_YOUR OBJECTIVE_
Lines from the one with "Смартфон S21U, экран" up to and including the one with "- Armor has" are to be copied exactly from the records below, without their pictures.

==== RECORDS SHOWN

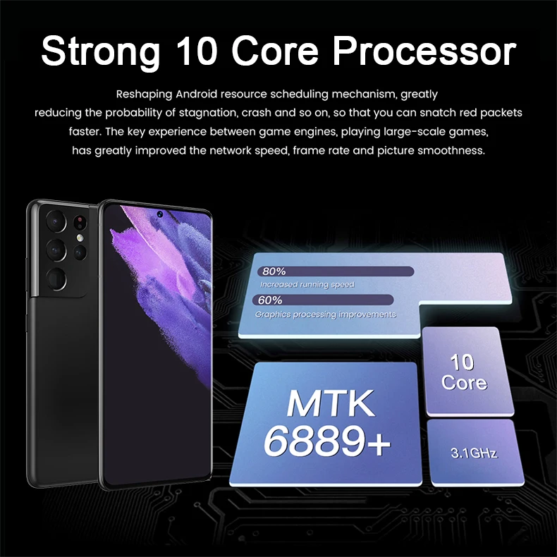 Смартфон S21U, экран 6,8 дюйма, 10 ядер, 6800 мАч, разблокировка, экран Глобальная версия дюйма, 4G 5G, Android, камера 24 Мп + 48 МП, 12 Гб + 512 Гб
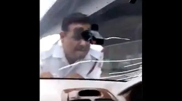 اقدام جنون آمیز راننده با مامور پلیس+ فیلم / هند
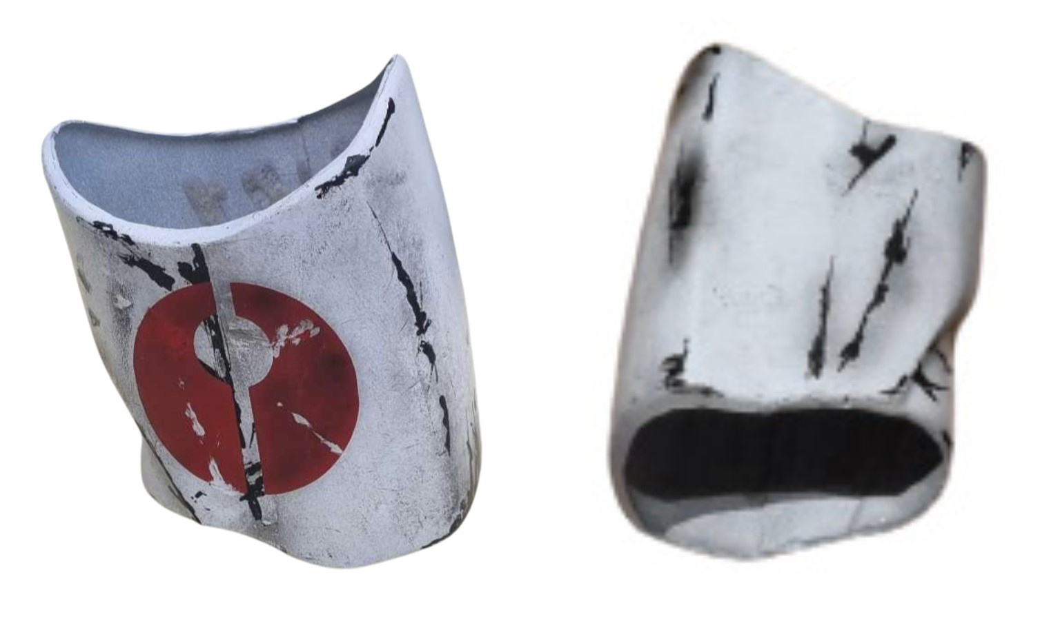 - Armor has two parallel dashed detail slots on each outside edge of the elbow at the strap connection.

========
==== RECORDS SHOWN

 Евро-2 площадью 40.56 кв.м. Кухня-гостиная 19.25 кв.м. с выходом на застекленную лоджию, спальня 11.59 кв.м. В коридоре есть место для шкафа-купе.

========

_TASK SOLUTION_
 Смартфон S21U, экран 6,8 дюйма, 10 ядер, 6800 мАч, разблокировка, экран Глобальная версия дюйма, 4G 5G, Android, камера 24 Мп + 48 МП, 12 Гб + 512 Гб
 اقدام جنون آمیز راننده با مامور پلیس+ فیلم / هند
 - Armor has two parallel dashed detail slots on each outside edge of the elbow at the strap connection.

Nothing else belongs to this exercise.